▶ [Given material]
========================================

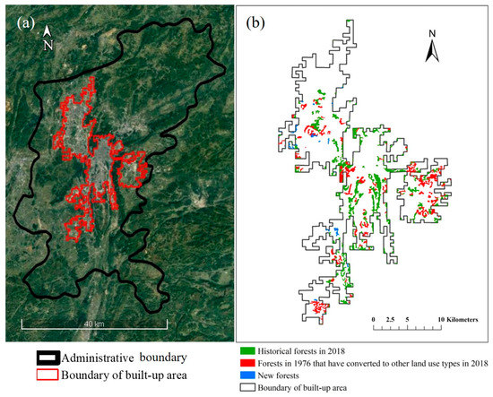 The locations of historical forests. (a) The administrative boundary (black line) and boundary of the built-up area (red line); (b) locations of historical forests that were retained, those that were transformed, and new forests.
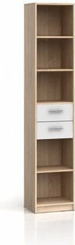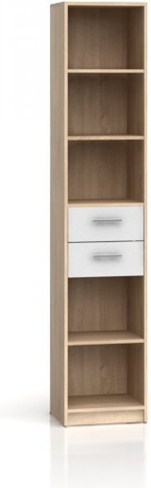 V každém dětském pokoji či pracovně oceníte mnoho úložného prostoru pro všechny nezbytnosti. Praktický regál Nepo Plus REG2S/40 je ideálním řešením. Vyrobený je z lamina o síle 1,6 cm v trendy kombinaci dekoru Dub sonoma a Bílá mat . Nabídne Vám mnoho odkládacího prostoru formou čtyř polic o rozměrech š. 36 x h. 31 cm a dvou zásuvek s úložným prostorem o rozměrech š. 33 x h. 29 x v. 10 cm. Výška mezi jednotlivými policemi je přibližně 30 cm. Snadnou manipulaci se zásuvkami zajišťují kovové pojezdy a stříbrné úchytky z tvrzeného plastu. Regál Nepo Plus můžete doplnit také o další prvky ze stejné nábytkové řady Nepo Plus. Naleznete zde mnoho dalších produktů, díky kterým rychle a jednoduše zařídíte svůj byt. Montáž je snadná, dle přiloženého montážního návodu. Dodáváno v demontu. Počet balíků: 2 bal. Rozměr balení: balík 1: d. 202 x š. 34 x v. 7 cm balík 2: d. 38 x š. 17 x v. 4 cm
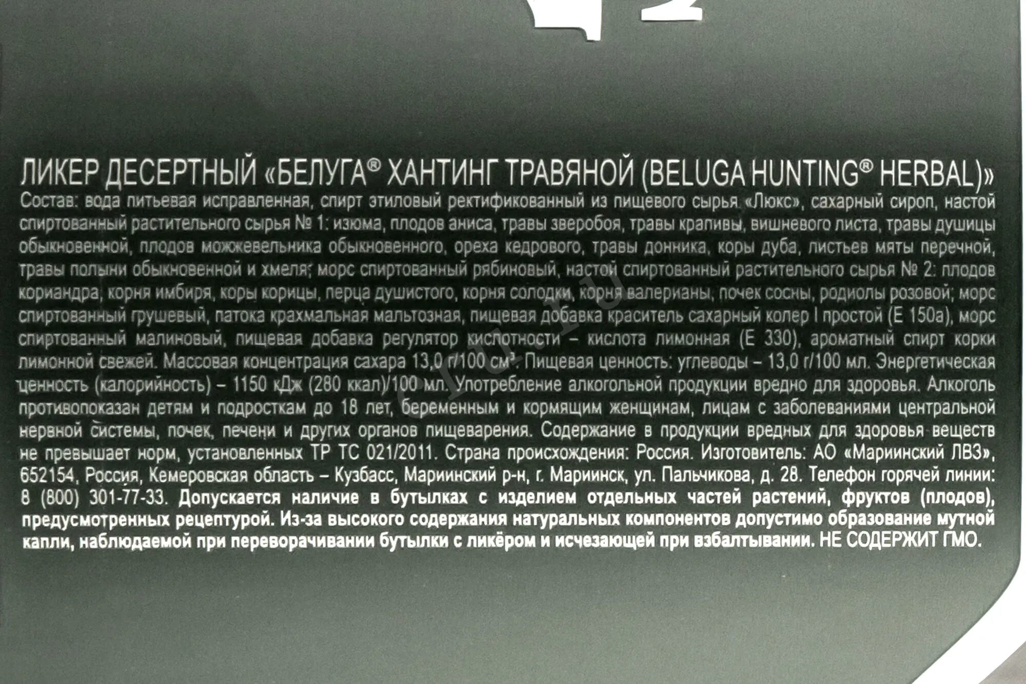 Ликер Beluga Hunting Herbal 0.7 l впервые был выпущен в 2015 году Мариинским ликеро-водочным заводом в категории алкогольных напитков класса премиум. Травяной ликер изготавливается с орехово-травяными добавками. В качестве особого знака принадлежности к бренду каждая бутылка выпускается с рыбкой белугой на этикетке. 40-процентный напиток имеет срок хранения 3 года.
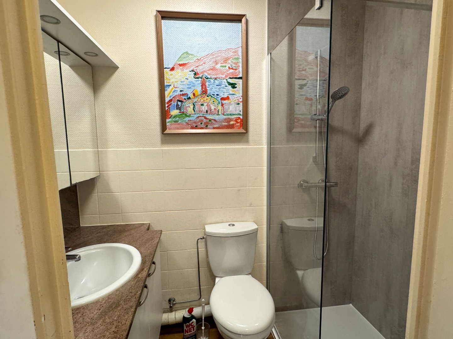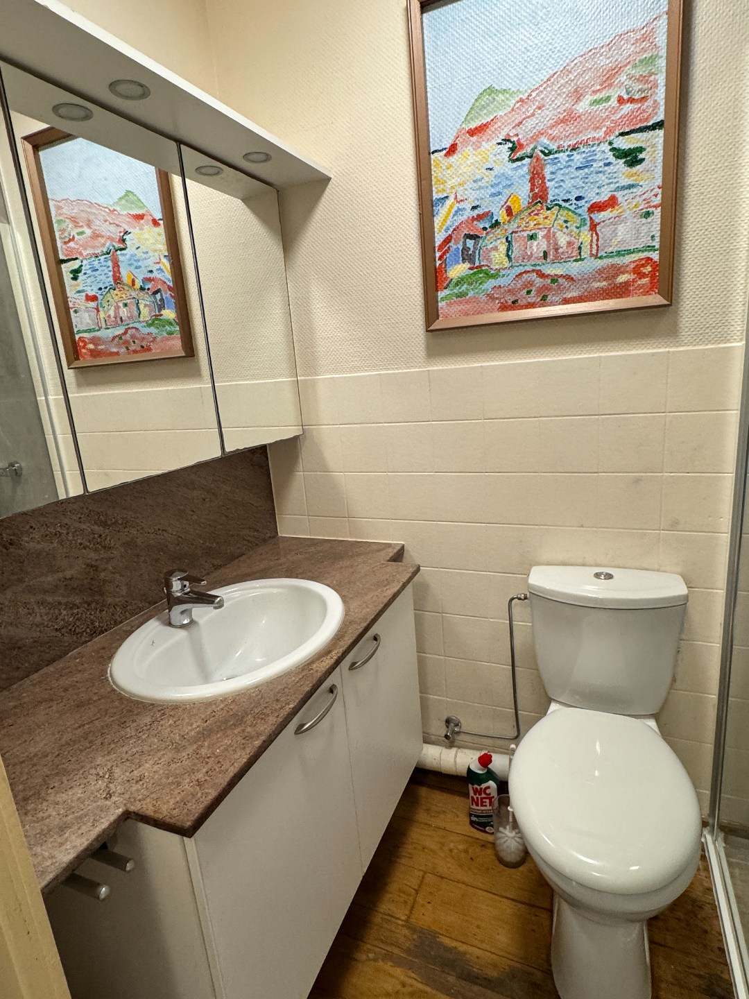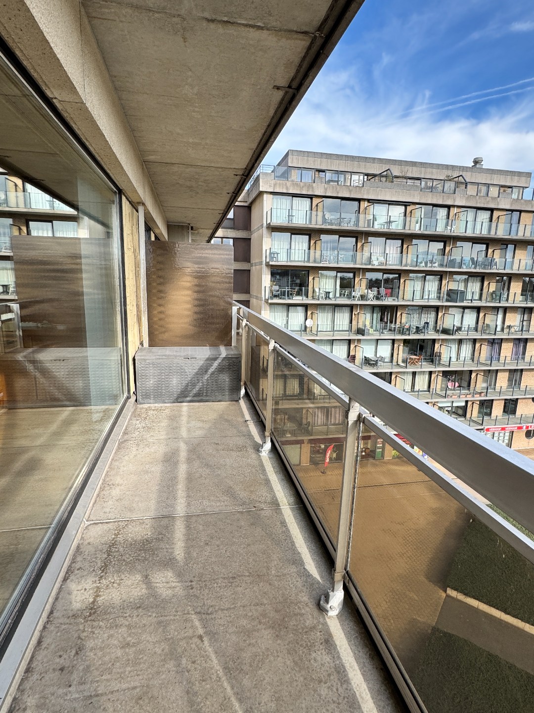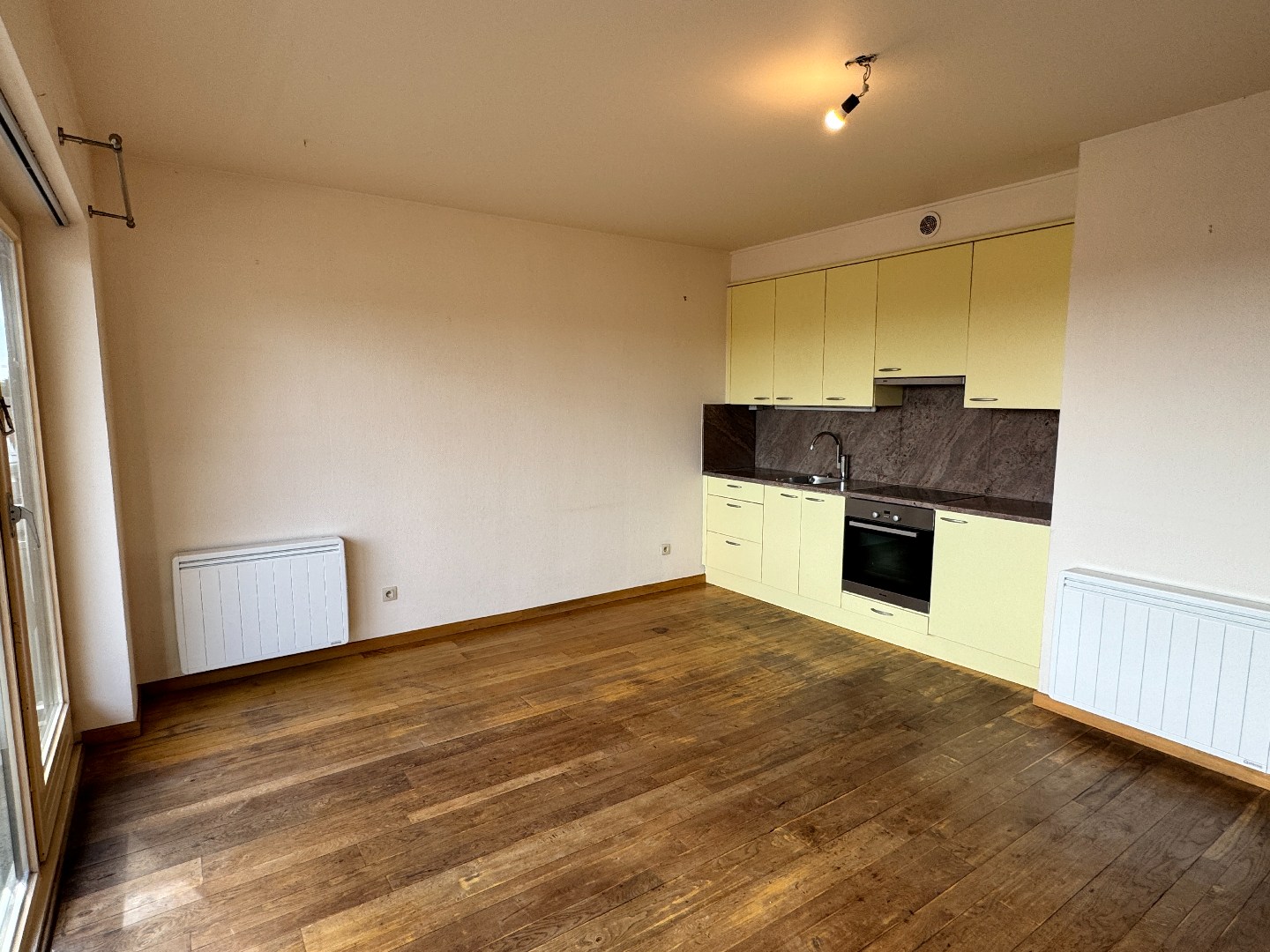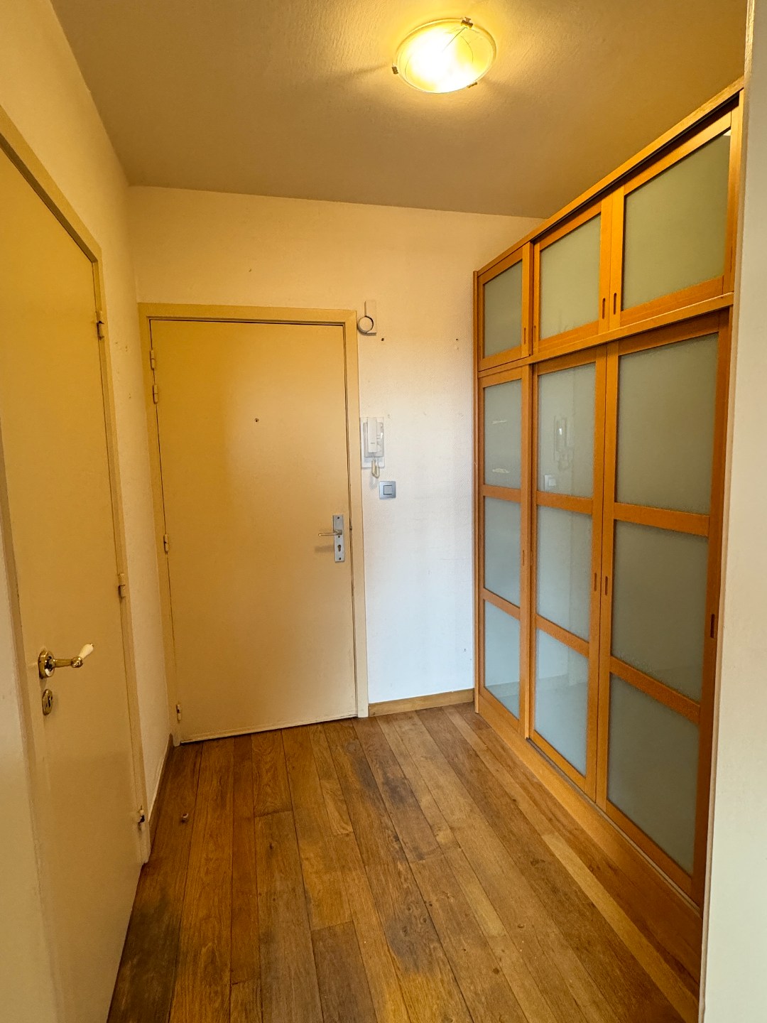 Inkomhal, woonkamer met open keuken, terras met zicht over de Dumontwijk, badkamer met vernieuwde douche, wastafel en toilet en een privatieve kelder.

========================================

Set down the full listing above with its wording unchanged. Leave out its images.

 The locations of historical forests. (a) The administrative boundary (black line) and boundary of the built-up area (red line); (b) locations of historical forests that were retained, those that were transformed, and new forests.
 V každém dětském pokoji či pracovně oceníte mnoho úložného prostoru pro všechny nezbytnosti. Praktický regál Nepo Plus REG2S/40 je ideálním řešením. Vyrobený je z lamina o síle 1,6 cm v trendy kombinaci dekoru Dub sonoma a Bílá mat . Nabídne Vám mnoho odkládacího prostoru formou čtyř polic o rozměrech š. 36 x h. 31 cm a dvou zásuvek s úložným prostorem o rozměrech š. 33 x h. 29 x v. 10 cm. Výška mezi jednotlivými policemi je přibližně 30 cm. Snadnou manipulaci se zásuvkami zajišťují kovové pojezdy a stříbrné úchytky z tvrzeného plastu. Regál Nepo Plus můžete doplnit také o další prvky ze stejné nábytkové řady Nepo Plus. Naleznete zde mnoho dalších produktů, díky kterým rychle a jednoduše zařídíte svůj byt. Montáž je snadná, dle přiloženého montážního návodu. Dodáváno v demontu. Počet balíků: 2 bal. Rozměr balení: balík 1: d. 202 x š. 34 x v. 7 cm balík 2: d. 38 x š. 17 x v. 4 cm
 Ликер Beluga Hunting Herbal 0.7 l впервые был выпущен в 2015 году Мариинским ликеро-водочным заводом в категории алкогольных напитков класса премиум. Травяной ликер изготавливается с орехово-травяными добавками. В качестве особого знака принадлежности к бренду каждая бутылка выпускается с рыбкой белугой на этикетке. 40-процентный напиток имеет срок хранения 3 года.
 Inkomhal, woonkamer met open keuken, terras met zicht over de Dumontwijk, badkamer met vernieuwde douche, wastafel en toilet en een privatieve kelder.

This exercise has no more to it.